Here is how it works: Consider the case of milk in China. In the face of uncertainty of information over which brand is unreliable, the Chinese consumer is boycotting all Chinese milk brands.
Similarly, if it is uncertain which brands of palm oil were contributing to the haze, it would not be unreasonable for consumers to boycott all palm oil. This is a logical response particularly if they go by reports that the area to be cultivated for oil palm is to be increased by 60 per cent.
This potential for the destruction of the palm oil market is why the industry association Roundtable on Sustainable Palm Oil has jumped to life from its previously dormant state to demand digital maps from its members. It has to identify those members and non-members who are contributing to the haze to save the market.
This leads to the third question of how to identify the offenders. The stock response is that it is a complex matter.

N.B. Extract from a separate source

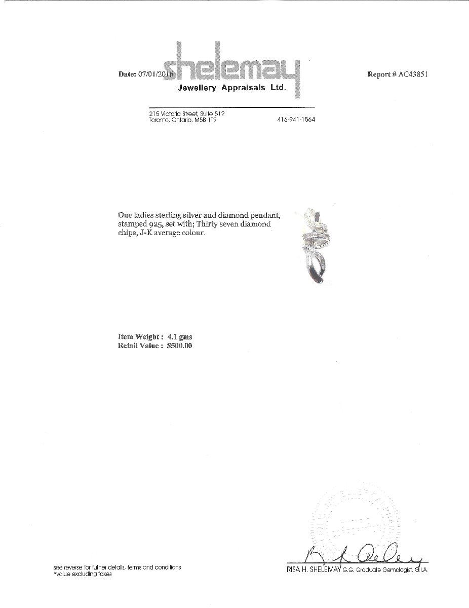 STERLING SILVER DIAMOND PENDANT. REPLACEMENT VALUE: $500.00

The truth is it may be complicated but it is certainly not complex. The modern car has many moving parts and a lot of electronics; it is complicated but not complex. Press a button, flick a switch and you get the same response every time. The human body is complex; two persons of the same age and gender from the same ethnic group may react differently to the same medication. When something is complex, doing the same thing does not always get the same result.

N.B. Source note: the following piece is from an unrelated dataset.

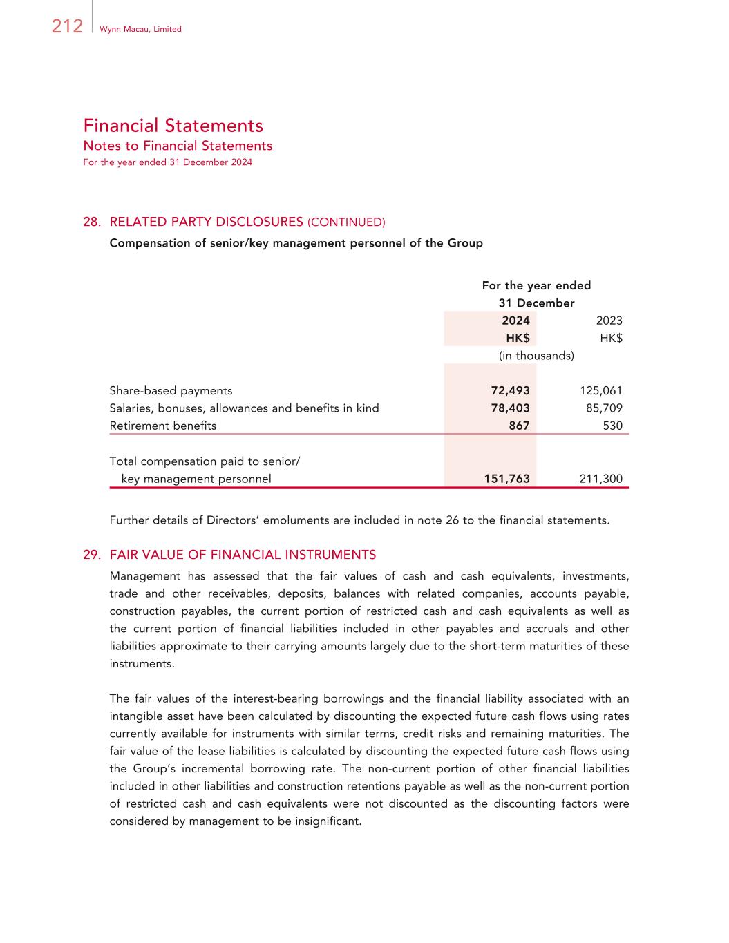 212 Wynn Macau, Limited Financial Statements Notes to Financial Statements For the year ended 31 December 2024 28. RELATED PARTY DISCLOSURES (CONTINUED) Compensation of senior/key management personnel of the Group For the year ended 31 December 2024 2023 HK$ HK$ (in thousands) Share-based payments 72,493 125,061 Salaries, bonuses, allowances and benefits in kind 78,403 85,709 Retirement benefits 867 530 Total compensation paid to senior/ key management personnel 151,763 211,300 Further details of Directors’ emoluments are included in note 26 to the financial statements. 29. FAIR VALUE OF FINANCIAL INSTRUMENTS Management has assessed that the fair values of cash and cash equivalents, investments, trade and other receivables, deposits, balances with related companies, accounts payable, construction payables, the current portion of restricted cash and cash equivalents as well as the current portion of financial liabilities included in other payables and accruals and other liabilities approximate to their carrying amounts largely due to the short-term maturities of these instruments. The fair values of the interest-bearing borrowings and the financial liability associated with an intangible asset have been calculated by discounting the expected future cash flows using rates currently available for instruments with similar terms, credit risks and remaining maturities. The fair value of the lease liabilities is calculated by discounting the expected future cash flows using the Group’s incremental borrowing rate. The non-current portion of other financial liabilities included in other liabilities and construction retentions payable as well as the non-current portion of restricted cash and cash equivalents were not discounted as the discounting factors were considered by management to be insignificant.

In contrast, the response from the companies whose fires are burning in the concessions has followed a script. A choking haze sweeps over Singapore and Malaysia. Non-governmental organisations and various parties pin the blame on paper and palm oil companies. The companies deny they are responsible for the fires; it will be said that farmers are responsible as they have been doing so for decades and centuries, overlooking the fact that the haze at health-threatening levels started only from the early 1990s when plantations began sprouting. And as if to prove the point that it is individual farmers, some poor souls are arrested. Meanwhile, paper companies will say it makes no sense to burn trees when they are paper companies.
It is a script. When something can be scripted, it is not complex.
All the evidence points to slash-and-burn by the large plantation companies or their third-party suppliers.
Any effort at a boycott therefore has to be multi-pronged.
Here is where every Singaporean can play a part in stopping the haze.
Join the Stop The Haze petition on Avaaz.org
Join the Facebook group Haze Elimination Action Team (Disclosure: I am one of the founders of this group). It is intended as an information hub for a boycott, when needed. Should the companies be identified, the team will also be talking to bankers and financiers of the offenders to tell them to boycott those companies.
We hope the situation will not require us to activate a boycott.
Even so, if the haze dies down, just being ready to act the next time the haze comes around will be a step forward.
Sign up, act and prepare to make a difference.
The writer is a professor at the Wee Kim Wee School of Communication and Information, Nanyang Technological University, where he is the director of the Singapore Internet Research Centre.